Nothing like a golden to make you laugh every day. My boys certainly are the highlights of my day and bring me lots more smiles than the humans I'm forced to interact with. I swear they do it all for me.



mybuddy said:


> he he ...oh my, he is a case and a half.
> 
> Buds is definately, without a doubt my other half. We are the same soul...totally! :wavey:


----------



## janine (Aug 8, 2009)

Those are the best pictures.....what a very cute bad boy you have


----------



## Jo Ellen (Feb 25, 2007)

i lubz da poopesser peebUddy :smooch:


----------



## Noey (Feb 26, 2009)

that's so funny. Noah will try his hardest "not to look at you" but you see him looking to see if your looking. They so know when they are doing something wrong. So cute.


----------



## mybuddy (Mar 2, 2007)

Oaklys Dad said:


> Nothing like a golden to make you laugh every day. My boys certainly are the highlights of my day and bring me lots more smiles than the humans I'm forced to interact with. I swear they do it all for me.

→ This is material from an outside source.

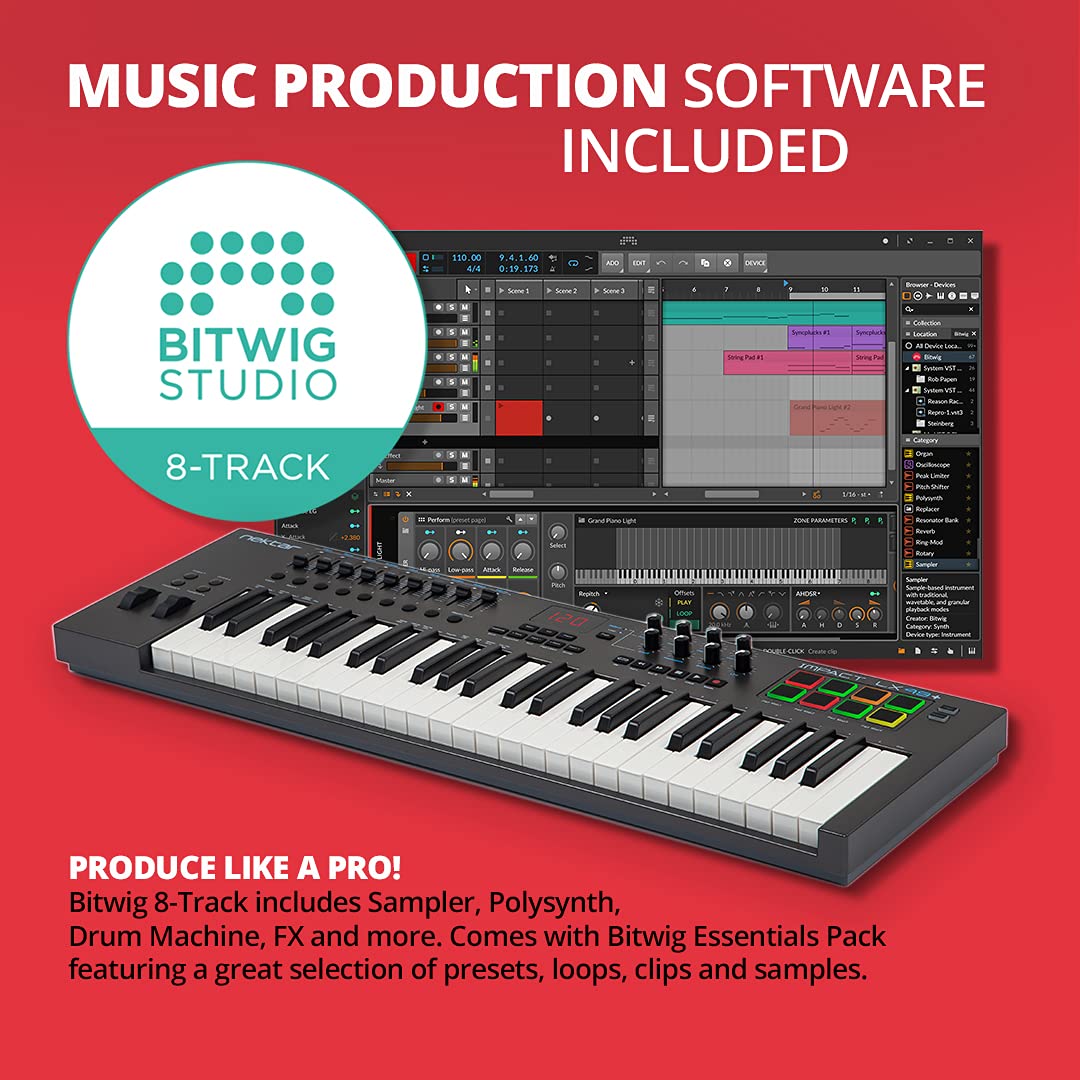 Bitwig 8-Track is included with every Impact LX+ so you can start producing, performing, and designing sounds like a pro from day one. Bitwig 8-Track gives you access to over 50 software instruments and effects for use on up to 8 audio or MIDI project tracks, and you can use any 3rd party VST plug-ins you might own, too. The ‘Bitwig Essentials Package’, a highly versatile handpicked selection of loops, clips and samples, is also included to help you get started. So put all that together and you have a powerful sketchpad for your musical ideas featuring the acclaimed workflow of Bitwig Studio.

I hear ya on that one! Sometimes when I am stuck in the human condition, I have the usual reactions/responses etc. As soon as I get home I breathe a sigh of relief when I see my goofy boy doing his front paws up dance....suddenly all the human nonsense flies out the window.


----------



## mybuddy (Mar 2, 2007)

Noey said:


> that's so funny. Noah will try his hardest "not to look at you" but you see him looking to see if your looking. They so know when they are doing something wrong. So cute.


 
HAHA, I know exactly what you mean!!! HAHA, how much cuter can you get? Isnt it funny how a person can describe a dog's action and we know exactly what you are talking about? I can totally picture that in my mind. I will be talking on the phone with mom and will tell her something that Buddy did and she will know exactly what I am saying as she references dogs she has had in the past. I think that is so cool....dogs are magic.


----------



## mybuddy (Mar 2, 2007)

Thanks Claudia and Jo Ellen...da propessir peabuddy lobez da yoo too bout dis! weelie, dat da twoofh.


----------



## Jazz & Jules (Feb 25, 2007)

OH BUDDY!!!!! You are so stinkin' silly!!!! But a very smart silly!!!! I LOVE YOU!!!

from da jnj:

da buddy can u teacher us dat twick pwease! dat is da barry guud twick!

damobsters, jnj


----------



## Laurie (Sep 20, 2009)

OMG.......that is too cute and funny!!! What a smart boy.........


----------



## Ranger (Nov 11, 2009)

that's freaking hilarious! I love goldens' personalities...how can they not bring a little sunshine into a day? Maybe they got their breed name for more than just their coat colour.


----------